Preferências musicais à parte; será verdadeiramente possível não gostar da sonoridade de Patrick Watson? Cremos que não. O seu mais recente disco, ‘Wave’ marca uma viragem na vida pessoal do artista e compositor canadiano, como revela à Máxima.

16 de outubro de 2019 | Rita Silva Avelar

Patrick Watson nasceu na Califórnia (1979, Lancaster) mas cresceu no Quebec, no Canadá. Um artista solitário mas com uma animosidade muito carismática, Watson cresceu a tocar num piano e a compor sozinho. Primeiro, descobriu que tinha uma voz no coro da igreja, onde começou por cantar solos, no liceu juntou-se à banda de ska Gangster Politics. Em 2001 lançou o seu primeiro disco, Waterproof9. O seu terceiro disco, Close to Paradise (2006), recebeu o prémio Polaris Music Prize em 2007. As suas músicas, que nascem de uma sonoridade que mistura influências de indie pop, com experimentações de sintetizadores, com um estilo cinemático orquestral, a par de um tom melancólico. Entre séries e filmes, as suas músicas já fizeram parte da banda sonora de mais de 37 projetos ligados ao cinema e televisão. No ano passado, foi uma das vozes no concerto de homenagem "Tower of Song: A Memorial Tribute to Leonard Cohen". De passagem pela capital portuguesa para promover o seu novo disco, Wave, em antecipação aos concertos de 23 de fevereiro, no Coliseu de Lisboa, em Lisboa, e a 24 de fevereiro na Casa da Música, no Porto (em 2020) Patrick Watson conversa com a Máxima no Hotel Flórida, em Lisboa. Melody Noir e Dream of dreaming são os singles já revelados, embora o disco chegue às lojas a 18 de outubro.

Que sons marcaram a sua infância, em criança? E como era a cultura musical do local onde cresceu?

Eu cresci numa cidade pequena. As minhas memórias reais de a música se ter apoderado da minha vida remetem aos meus sete anos. Quando comecei a cantar num coro, nem sabia que sabia cantar.

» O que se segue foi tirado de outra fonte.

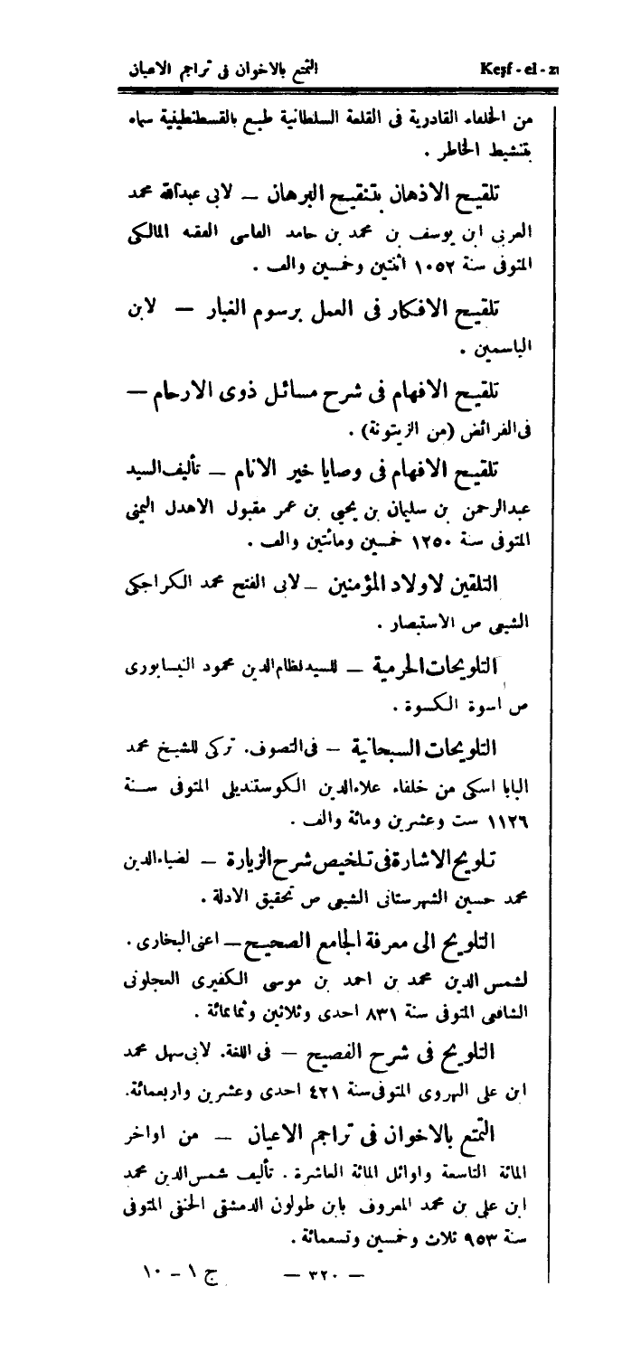 تلويح الإشارة في تلخيص شرح الزيارة - لضياء الدين محمد حسين الشهرستاني الشيعي ص تحقيق الأدلة.

Disseram-me, a certa altura, que ia cantar um solo, por isso no primeiro domingo fiz logo um solo. Naquela cultura – e apesar de eu não ser uma pessoa particularmente religiosa – cantar em funerais ou casamentos, ou outros momentos grandes na vida das pessoas, não algo é sobre a pessoa que canta, mas sim sobre o momento em si. Eu cresci com a música a ser sobre momentos, e não sobre mim, e eu adorava esse sentimento. Era, também, o privilégio de fazer parte de momentos importantes na vida das pessoas. Acho que acabei por manter isso na minha carreira inteira. Aos 15 ou 16 anos, eu não conhecia bandas. Bem, ouvia Michael Jackson mas não era como um ícone.

Já escrevia música?

Sim, já componha as minhas próprias músicas, improvisava. Mas como cresci numa cidade pequena, o ideal de me tornar artista parecia de facto impossível. Eu era uma criança muito quieta, muito emocional, sensível, confuso e um pouco doido (risos). Em casa, por vezes, as coisas ficavam muito complicadas, e eu ia simplesmente tocar piano – esse era o meu mundo. Cheguei a pensar que os espíritos estavam a escrever música para mim.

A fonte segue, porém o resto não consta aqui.